One of the world’s biggest tech companies just got hit with a record fine from the European Commission. The European Union’s legislative body demanded Google pay 4.34 billion euros ($5.06 billion) for violating anti-trust laws, according to CNN. Specifically, the commission accused Google of using its Android mobile operating system to force the Google search engine and Chrome browser on users.

Antitrust official Margrethe Vestager elaborated on the charges against Google in a statement. She accused Google of using Android to “cement the dominance” of the company’s search engine, thus depriving users of the level of choice they deserve.

The Menlo Park, California-based tech giant compensated hardware companies that make Android smartphones to pre-install Google apps on those phones, according to the commission. Google required companies to do this so they could license Google’s mobile app marketplace on their devices.

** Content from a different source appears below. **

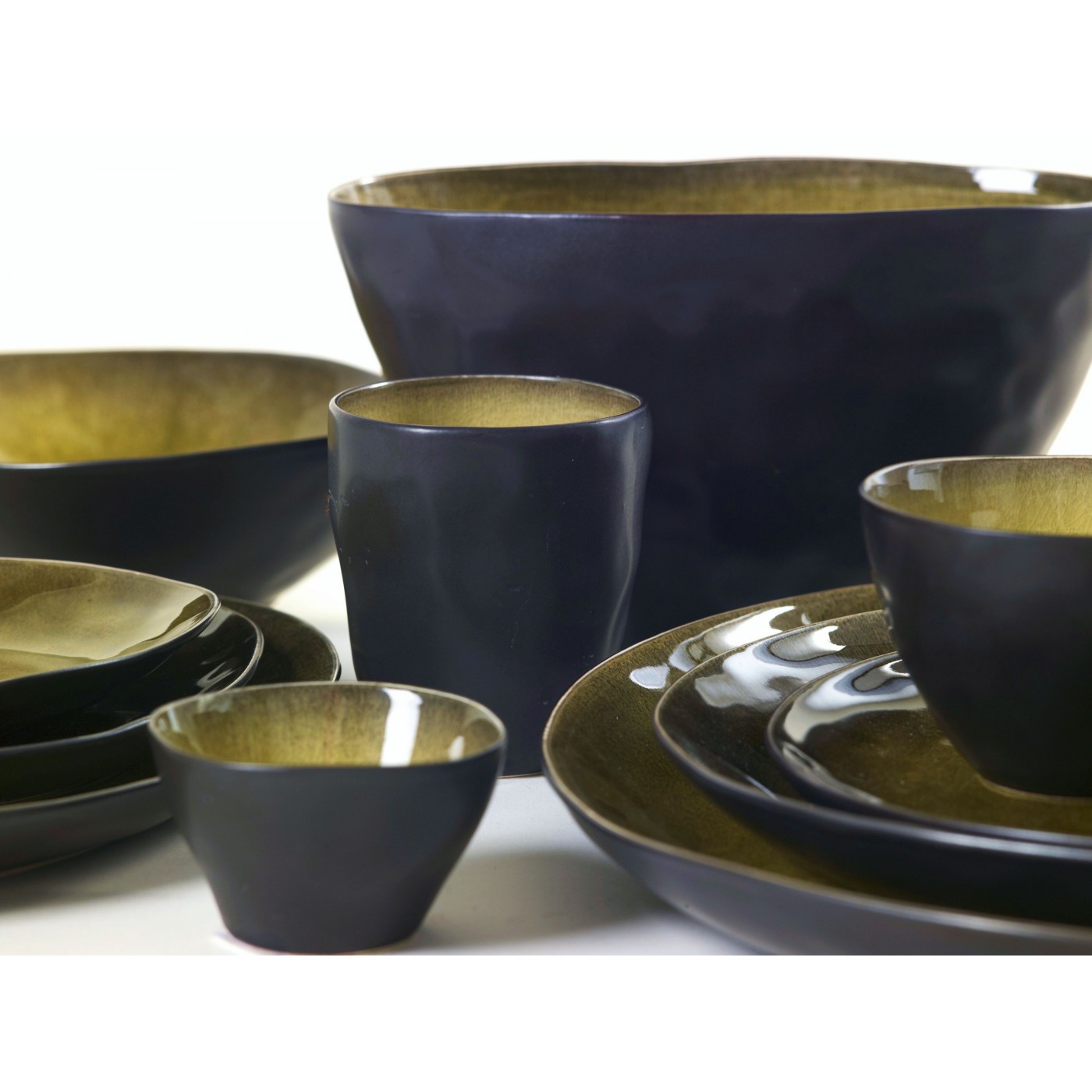 Pure is a collection of plates, dishes, bowls and cups with slightly irregular round or oval shape with an iridescent and finely crackled enamel of green or brown shades, contrasting black matte exterior.

The European Commission wants Google to stop doing that within 90 days, or else there will be more penalties. The fine is the largest ever given out by the commission. In 2017, the commission fined Google almost $3 billion for similar practices.

Google was hit with a huge fine by the European Commission. A picture taken on November 20, 2017 shows logos of US multinational technology company Google displayed on computers' screens. Loic Venance/AFP/Getty Images

Most smartphones around the world run on Android, which has an incredibly high market share. Since most consumers will likely just use whichever search engine and internet browser comes pre-installed on their phones in perpetuity, the European Commission felt that forcing Google on users was not conducive to healthy competition.

As tech giants like Google grow in size and scope, Vestager has set her sights on enforcing Europe’s anti-trust laws to keep them in check. While the E.U. has stronger anti-monopoly regulation than the U.S., Vestager has been especially hard on tech companies.

Vestager fined social media behemoth Facebook for corporate dishonesty and suggested that companies such as Apple pay higher taxes in Europe, per the Washington Post.

Google will appeal the European Commission’s ruling.